Только сыну это время было больше не нужно.
— Он обернулся первый раз?
Она кивнула и нахмурилась.
— Айвори, спасибо… — Я дождался ее внимательного взгляда. — За то, что родила моего ребенка.
— Он — мой прежде всего. Не надо меня благодарить, я бы не смогла, — перебила она, вымученно глядя на меня.
— Это нормально — не справиться с оборотом самой, — смотрел в ее глаза.
А она зажмурилась и снова заплакала:
— Я… предала его! Испугалась!..
— Айвори, это — нормально, — надавил я.
— …Он начал покрываться шерстью, а я не смогла даже приблизиться!..

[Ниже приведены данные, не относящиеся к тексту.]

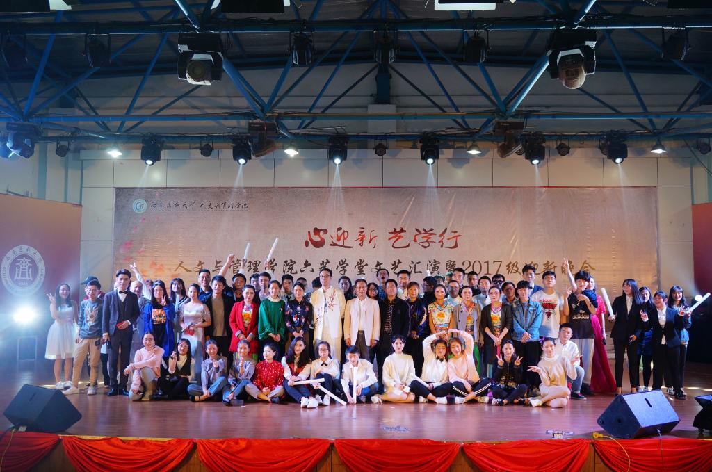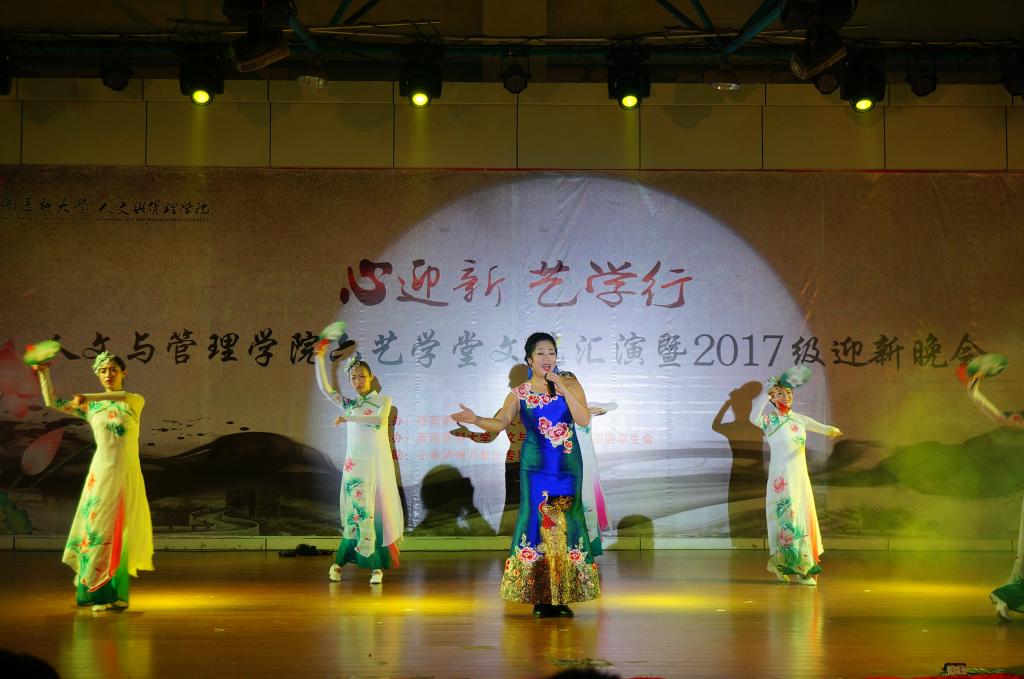 为欢迎2017级新同学的到来,在人文与管理学院六艺学堂精品校园文化活动创办三周年之际,11月8日晚,人文与管理学院在城北校区稻香苑学生活动中心举行了以“心迎新 艺学行”为主题的六艺学堂文艺汇演暨2017级迎新晚会。人文与管理学院院长赵成文、副院长谷满意、党总支副书记陈屹,学校医学影像系党政办公室主任刘秀、法学院科教科科长王贵勤以及六艺学堂各队伍指导教师、人文与管理学院全体师生到场观看晚会。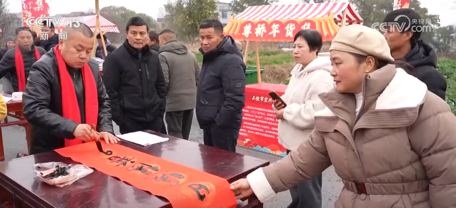 在江西上饒市廣信區(qū)尊橋鄉(xiāng),年貨市集人頭攢動(dòng)。攤位上年貨品類豐富,當(dāng)?shù)氐臅◥酆谜攥F(xiàn)場(chǎng)寫春聯(lián)、送福字,墨香四溢。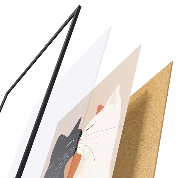 Plakát se skládá z rámu, plexiskla, tištěného obrazu a dřevotřískového podkladu. Díky úchytům na zadní straně lze plakát ihned zavěsit na zeď.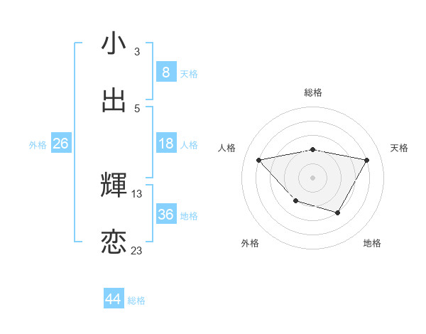小出 輝恋さんの総格は44画の2点!

Я обхватил ее за шею и притянул к себе:
— Ты все равно сделала многое…
— Я его бросила, — всхлипнула она.
— Неправда.
— Мне страшно.
— Не бойся. — Она втянула воздух, пытаясь взять себя в руки, а я продолжал: — Он — тот же. Неважно, в каком облике. Ты научишься это видеть. Тебе просто нужно время. И не надо себя в чем-то винить. Ты не представляешь, сколько уже для него сделала. Выдыхай… — Она послушно вздохнула глубже и облизала искусанные губы, испытывая мою выдержку. — Умница, — поставил я точку. — Пей чай.
В воздухе повисла настороженность. Она всем видом спрашивала, что дальше? А я мало что знал, кроме самого главного — она теперь моя. Не как раньше, а всерьез, со всей ответственностью. Буду доказывать, что достоин ее… И принуждать тоже буду, потому что… привычней? Не могу по-другому? Кто из нас собирается тыкать девочку носом в отношения? Зверь или я? Я не понимал. Уверен был только в том, что не смогу выпустить ее и сына из лап. И что им без меня тоже несладко. Медвежонку — точно.